The theme underlying this whole collection of essays (reprinted from his TOPIC...COMMENT column in Natural Language and Linguistic Theory) is that of a shoddy level of scholarship in the discipline of linguistics: researchers who don't check their sources, and who fail to reference the literature, reviewers who don't know the literature, journals that don't copy edit where they should, and do copy edit where they shouldn't. The essays are acidly humorous, but since they are written for academic linguists, I am sure I missed many in-jokes. Still, they give a fascinating insight into another discipline, some wise thoughts on academic integrity that are generally applicable, and some wonderfully funny moments.
This is a collection of selected posts from The Language Log, a lively blog about grammar and more. Each entry is a short, pithy commentary on some aspect of grammar that has annoyed the authors.
For example, Geoff Pullum clearly has issues with Strunk and White:
Many of the entries are examples of poor grammar advice, as delivered by people who don’t know the real grammar of English.
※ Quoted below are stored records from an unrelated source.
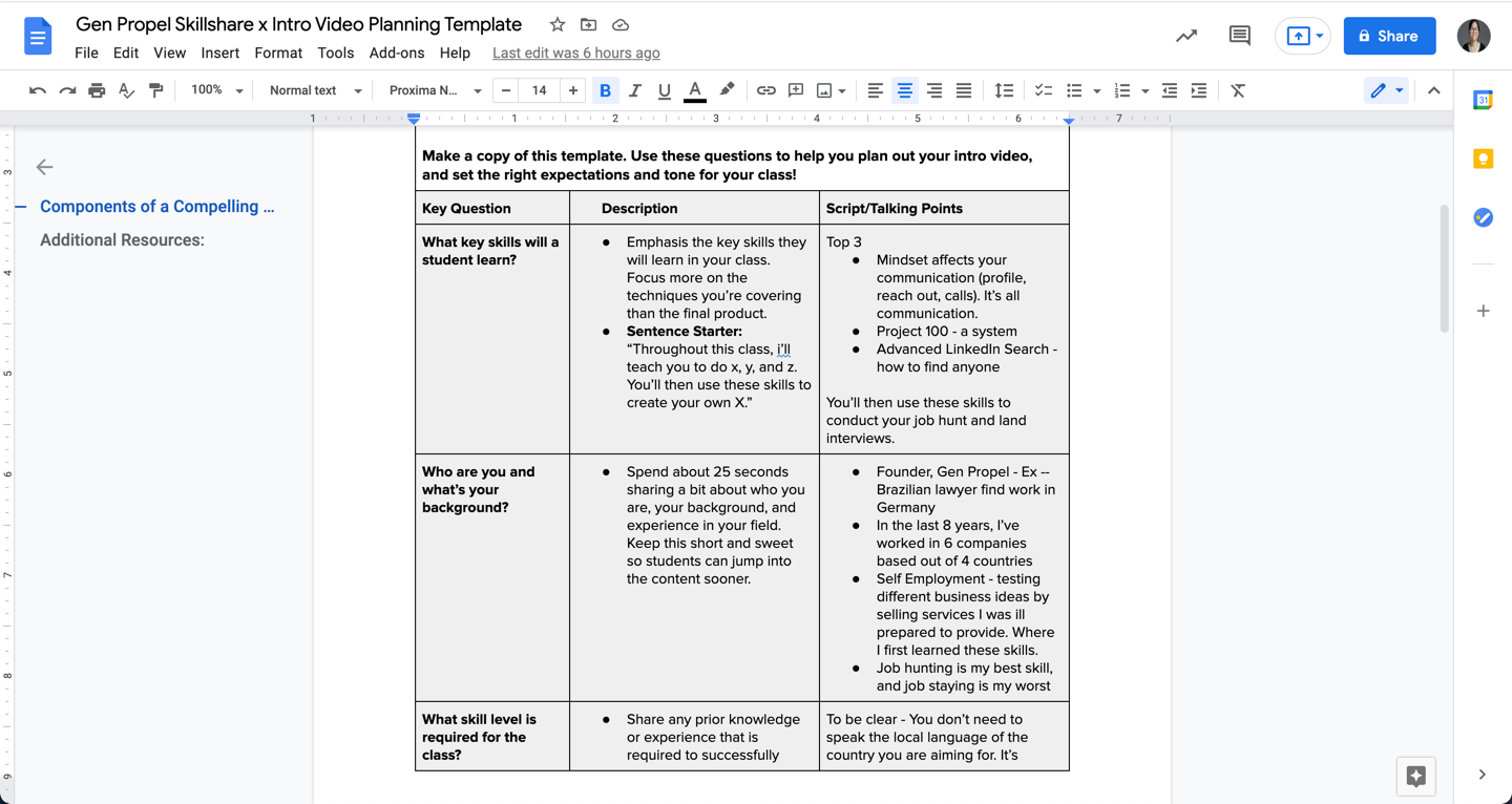 One such resource is the Skillshare x Intro Video Planning Template. Given the prompt, “What key skills will a student learn?" and a small box to write the answer in, I was ‘forced’ to articulate the top 3 skills we help students learn and why they matter.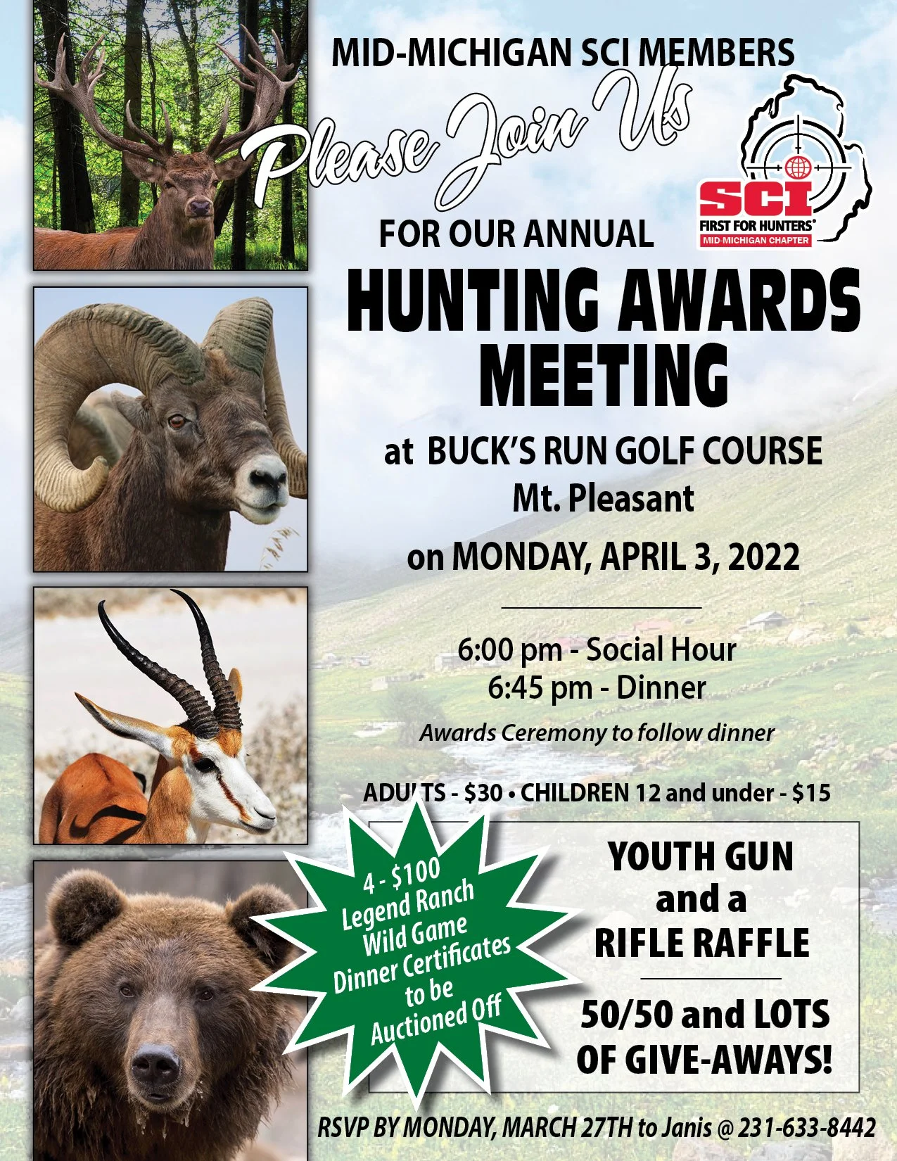 Please Join us FOR OUR ANNUAL FIRST FOR HUNTERS' HUNTING AWARDS MEETING at BUCK'S RUN GOLF COURSE Mt. Pleasant on MONDAY, APRIL 3, 2022 6:00 pm - Social Hour 6:45 pm - Dinner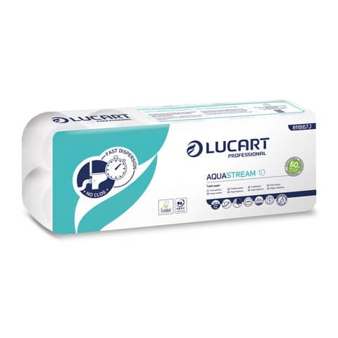 Carta igienica in rotoli della linea Aquastream. Aquastream è la nuova linea di prodotti tissue di Lucart Professional che previene efficacemente gli intasamenti delle tubature dei wc. Una carta di qualità che si dissolve in 7 secondi. Morbida e consistente, è l'ideale per tutti i WC con tubature strette, tortuose o con poca pendenza. Ideale per aerei, treni, navi, campeggi e stabilimenti balneari. In pura cellulosa. Lunghezza rotolo 22 m. 200 strappi per rotolo. Anima standard. Veli incollati con goffratura rose. Certificazione PEFC ed Ecolabel. Prodotto dermatologicamente testato: test di laboratorio hanno dimostrato che il prodotto non è irritante a contatto con la pelle. In confezione da 10 rotoli. Involucro in Poly.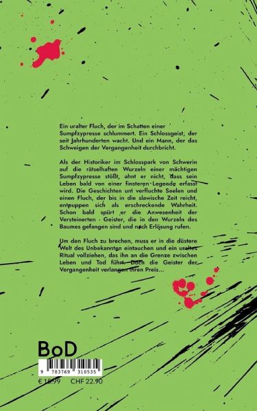 Ein uralter Fluch, der im Schatten einer Sumpfzypresse schlummert. Ein Schlossgeist, der seit Jahrhunderten wacht. Und ein Mann, der das Schweigen der Vergangenheit durchbricht. Als der Historiker im Schlosspark von Schwerin auf die rätselhaften Wurzeln einer mächtigen Sumpfzypresse stößt, ahnt er nicht, dass sein Leben bald von einer finsteren Legende erfasst wird. Die Geschichten um verfluchte Seelen und einen Fluch, der bis in die slawische Zeit reicht, entpuppen sich als erschreckende Wahrheit. Schon bald spürt er die Anwesenheit der Versteinerten - Geister, die in den Wurzeln des Baumes gefangen sind und nach Erlösung rufen. Um den Fluch zu brechen, muss er in die düstere Welt des Unbekannten eintauchen und ein uraltes Ritual vollziehen, das ihn an die Grenze zwischen Leben und Tod führt. Doch die Geister der Vergangenheit verlangen ihren Preis... "Die Geister der Sumpfzypresse" ist eine mystische Reise ins Unheimliche, eine Geschichte von Erlösung und Opfer, die den Leser in die verborgenen Geheimnisse eines historischen Schlossparks eintauchen lässt.
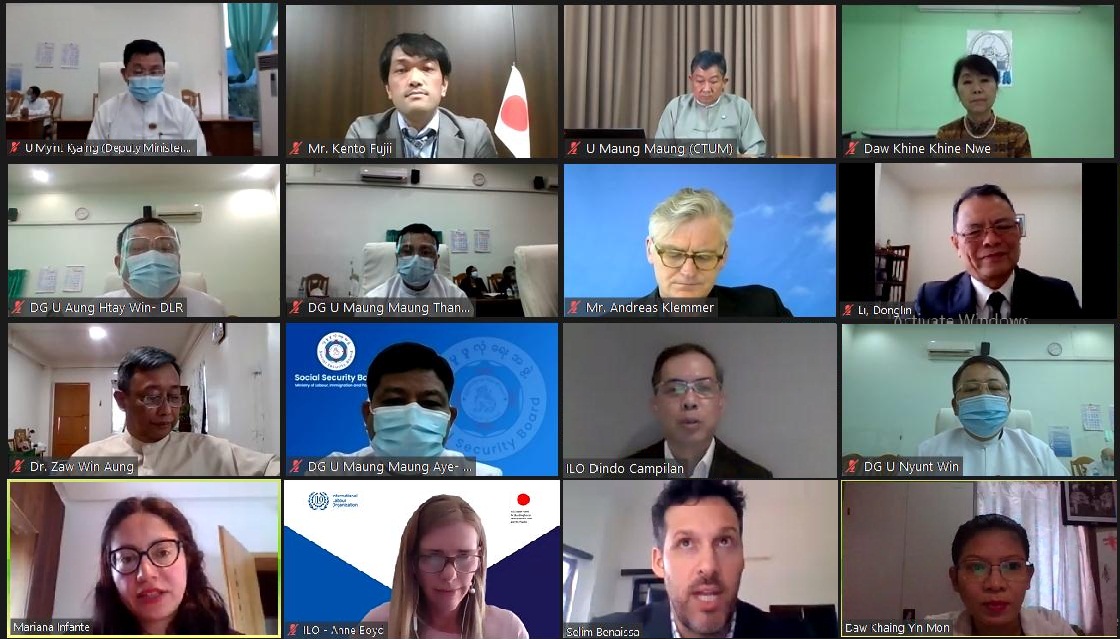 ယခု Online e-campus ကို လူမှုရေးဆွေးနွေးပွဲများ၊ အပြည်ပြည်ဆိုင်ရာစံနှုန်းများ၊ လုပ်ငန်းခွင် ဘေးအန္တရာယ် ကင်းရှင်းရေးနှင့် ကျန်းမာရေးဆိုင်ရာ ကဏ္ဍများအတွက် အရင်းအမြစ် အကန့်အသတ်ဖြင့်သာ စတင် ဆောင်ရွက်ထားပြီး နောက်ထပ်သင်တန်းများနှင့် သတင်းအချက် အလက်များ ထပ်မံဖြည့်စွက်ဆောင်ရွက် ပေးမည်ဟု သိရှိရသည့်အတွက် အထူးဝမ်းမြောက်ပါ ကြောင်း၊ e-campus အတွက် material ရွေးချယ်ရာ၌ ILO ၏ ဦးစားပေးမှုများကို ထည့်သွင်း စဉ်းစားသကဲ့သို့ မိမိတို့နိုင်ငံ၏ ဦးစားပေးကဏ္ဍများနှင့် လိုအပ်ချက်များ ကိုလည်း ထည့်သွင်း စဉ်းစားပေးရန် အကြံပြုလိုပါကြောင်း၊ ကိုဗစ် -၁၉ ကပ်ရောဂါကာလအတွင်း၌ ရောဂါ ကာကွယ်ရေး၊ ကုသရေးတို့နှင့်အတူ အရေးပါသည့် လုပ်ငန်းတစ်ခုမှာ လူမှုကာကွယ်ပေးရေး ဖြစ်ကြောင်း၊ မိမိတို့ဝန်ကြီးဌာန အနေဖြင့် အလုပ်သမားများအတွက် လူမှုကာကွယ်ပေးရေးကို အထူးအလေးထား ဆောင်ရွက်ပေး လျက်ရှိပါကြောင်း။
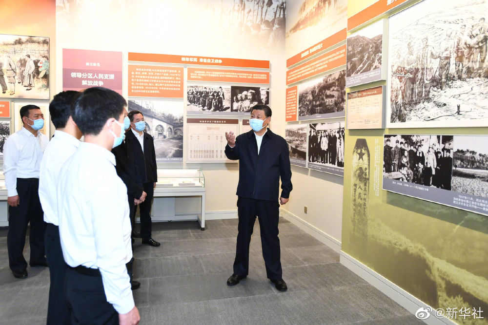 【习近平在绥德考察调研】习近平总书记14日在榆林市绥德县考察调研。他先后来到中共绥德地委旧址、绥德实验中学、绥德县非物质文化遗产陈列馆、张家砭镇郝家桥村,围绕弘扬党的光荣传统和优良作风、促进学生全面发展与健康成长、推进传统文化保护与传承、全面推进乡村振兴等实地调研。(文字记者:张晓松、朱基钗;摄影记者:李学仁、谢环驰、燕雁)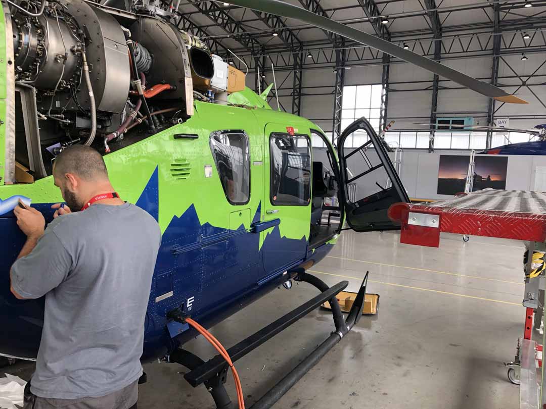 The graphics required to keep helicopters in an operational condition include cut vinyl graphics for registration numbers and safety decals through printed and cut vinyl graphics to create eye catching designs and in some case can be combined with reflective materials to increase visibility in low light conditions.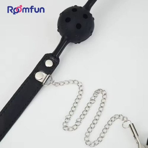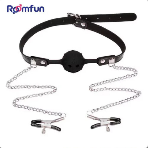 Кляп-шарик с отверстиями Roomfun и зажимами для сосков, черный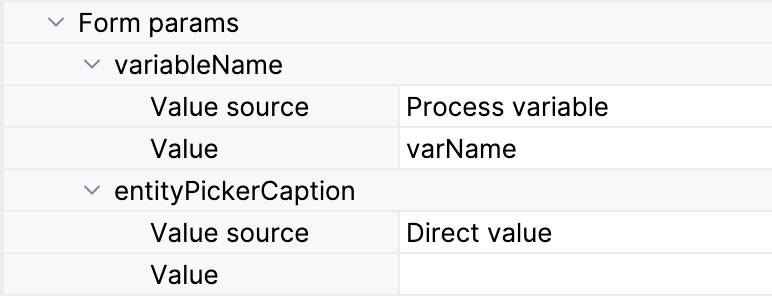 Process form with process variables (default) – Process variables of type Entity will be represented in the form using the EntityPicker component. The value of the variable can be selected from a dropdown list.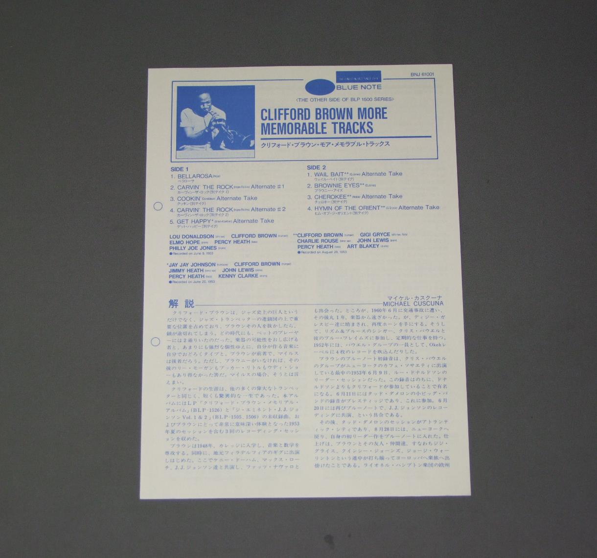 CLIFFORD BROWNクリフォード・ブラウン/CLIFFORD BROWN MORE MEMORABLE TRACKSクリフォード・ブラウン・モア・メモラブル・トラックス BNJ61001 製造国:日本盤 / Media:LP外観:EX+盤の状態:EX+帯:EX+ 価格(税込):¥1,540(売約済) 送料 7inch:定形外郵便 360円~LP:定形外郵便 660円~送料は、注文の最終画面で確認頂けます。 > > CLIFFORD BROWN/CLIFFORD BROWN MORE MEMORABLE TRACKS 外観 (EX+)特記事項:両面共厚手のコーティング仕様。外観EX+の共通説明:中古としては美品、一見してきれいでダメージが軽微。シミ、ヨゴレ、スレ有っても僅か~少し。 盤の状態 (EX+)特記事項:極薄いスリキズ・スレ少しだけ。一見してきれいな状態です。盤EX+の共通説明:盤面の極薄いスリキズ、スレ少し程度 音に出そうなものは無いように見える(極軽微なソフトティック音は除く)。 帯の状態 (EX+):特記なし。 その他:※画像では確認できない、上下ヘリ、背表紙、取り出し口を中心に状態表記しております。画像で確認出来る表裏ジャケ、レーベルの状態表記は省いている場合がありますので、そちらの状態は画像でご確認をお願い致します。携帯の方は一度PC等で写真をご確認の上ご入札下さいますよう、お願い申し上げます。 Tweet それぞれの画像をクリックすると、大きい写真が見られます こちらの商品もお勧めです 770円 ENSEMBLE NIPPONIA日本音楽集団 / WORKS OF KATSUTOSHI NAGASAWA (HOSHUN)長澤勝俊作品集萌春 1,210円 EUGEN CICEROオイゲン・キケロ・トリオ / ROKOKO-JAZZロココ・ジャズ 1,210円 BENNY GOODMAN TRIOベニーグッドマントリオ / PLAYS FOR FLETCHER HENDERSON FUNDプレイズ・フォー・ザ・フィレッチャー・ヘンダーソン 3,300円 EDDIE CONDON ALL STARSエディ・コンドン・オール・スターズ / EDDIE CONDON ALL STARS 1945 5LP BOX SETエディ・コンドン・オール・スターズ1945 5枚組 1,210円 BINGO MIKI & INNER GALAXY ORCHESTRA三木敏悟&インナー・ギャラクシー・オーケストラ / EVE(EIGHT LETTERS)出航前夜-一通の手紙 1,320円 TOSHIKO AKIYOSHI - LEW TABACKIN BIG BAND秋吉敏子=ルー・タバキン・ビッグ・バンド / INSIGHTSインサイツ 1,650円 HIDEIKO MATSUMOTO松本英彦 / PREDICTION風紀行 660円 CAL TJADERカル・ジェイダー / SHINING SEAシャイニング・シー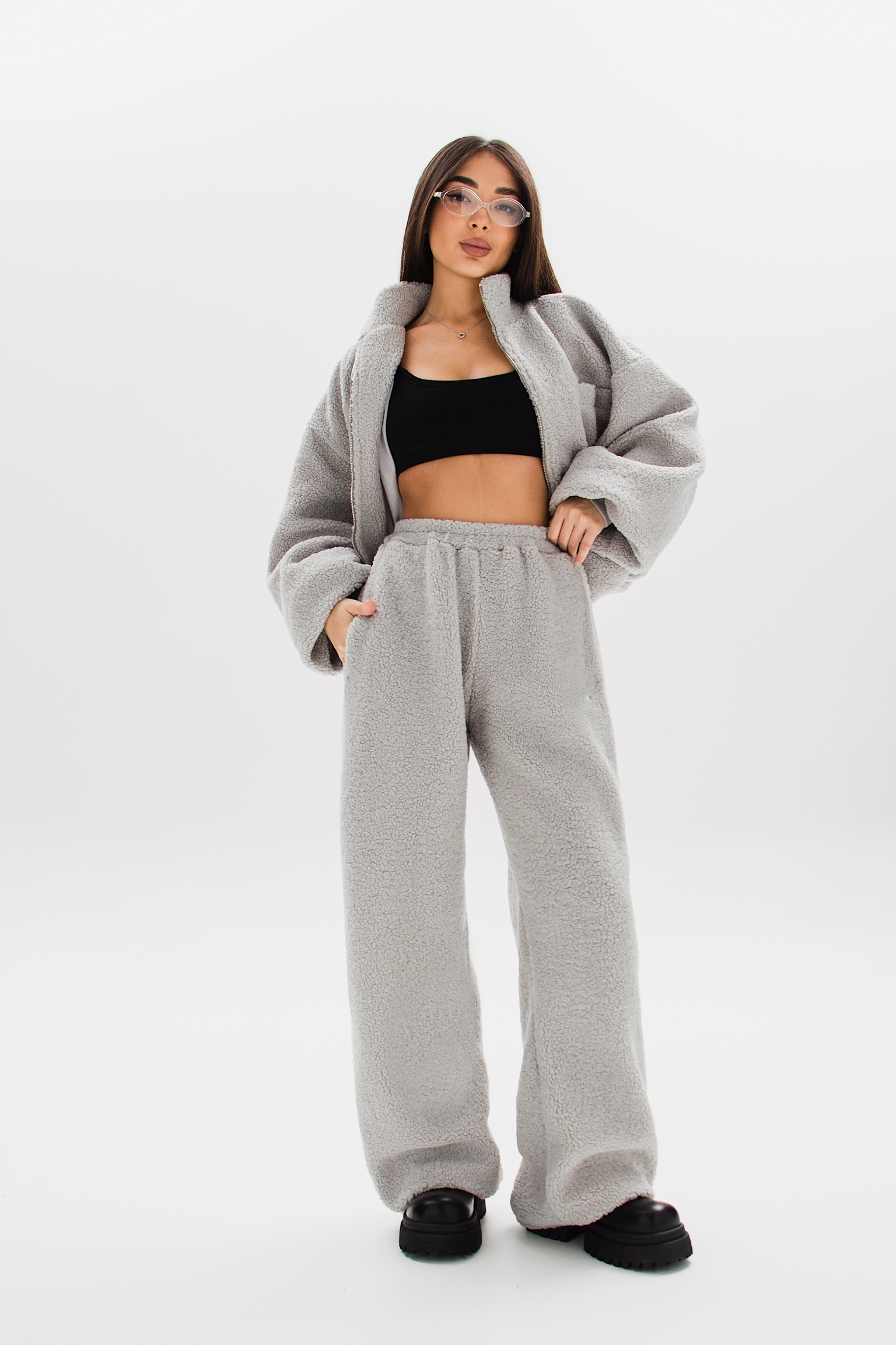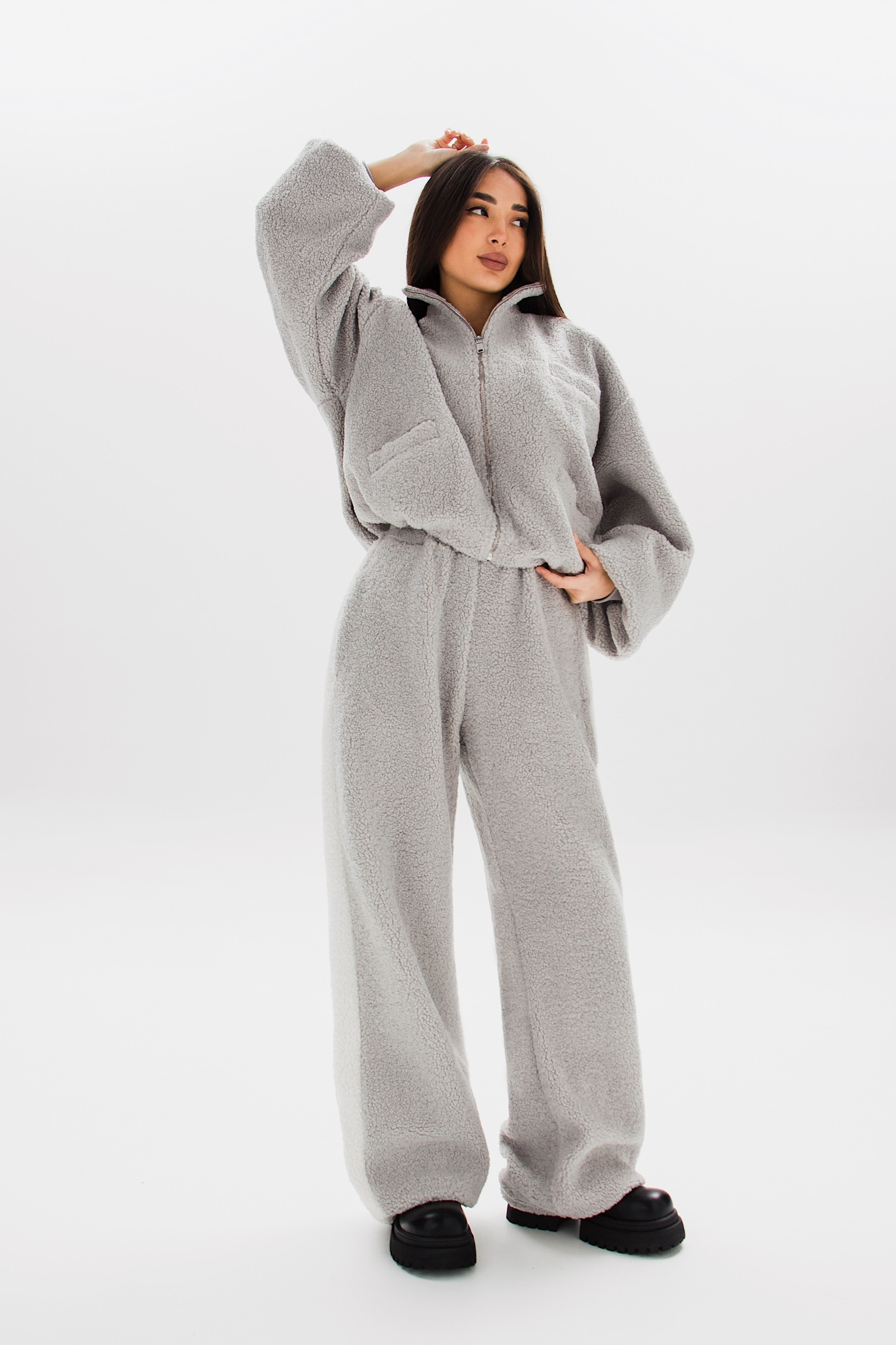 Свободные брюки TEDDY из объёмного пушистого материала, сочетаются с толстовкой TEDDY в комплекте или отдельно.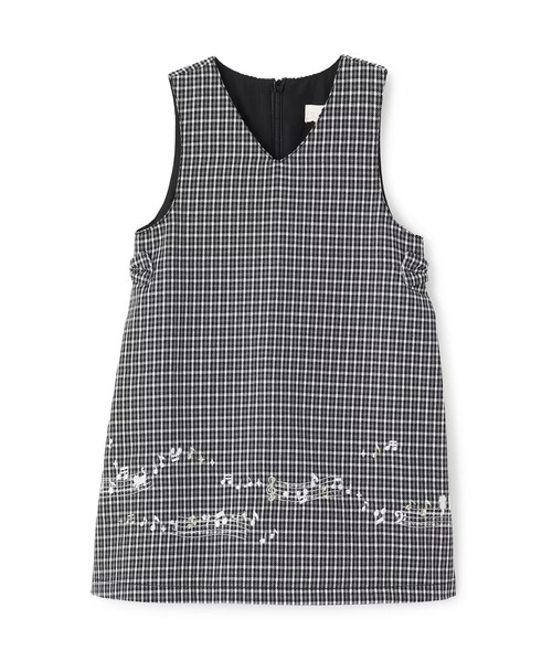 細かいトラッドチェックが、シックな印象のフレアワンピースです。Vラインの衿ぐりと脇のリボンモチーフがデザインポイント。裾の五線譜と音符の刺しゅうも、そこにやわらかい印象をプラス、五線譜の上で音楽を楽しむ子猫たちのシルエットが、さりげない遊び心を添えています。

There is some interesting discussion on how grammar can be descriptive rather than prescriptive (having rules derived from how people actually use the language, rather than having a bunch of made-up rules that few people follow), whilst simultaneously allowing for grammatical errors (the derived rules are based on patterns of usage, not just single idiosyncratic events).
Some of their advice I myself do not follow. For example, they talk of the “which-hunts”, where people are told that, for example, “the phone on the desk which is ringing” is grammatically incorrect, and should be “the phone on the desk that is ringing”. I’m not claiming that the “which” form is incorrect, but I do advise my students to use the “that” form, in order to clearly distinguish it from “the phone on the desk, which is ringing”. (The form without the comma indicates there are several phones on the desk, and I am referring to the one of them that is ringing; the form with the comma indicates there is a single phone on the desk, which, by the way, is ringing.) I advise my students to do this because many writers don’t seem to know that the comma in the sentence changes the meaning, and I think it is easier for them to get the right meaning if they consistently use “that” for one form, and restrict “which” for the other. But I don’t get angry about it.
Many of the entries here are quite technical, using grammatical terms that I wasn’t previously aware of. But it’s all written in a witty, trenchant style. It ends up with some entries on Dan Brown’s writing style, which I had come across before when reviewing the film of The Da Vinci Code, and was the main reason I bought this book (and didn’t buy the Dan Brown book!).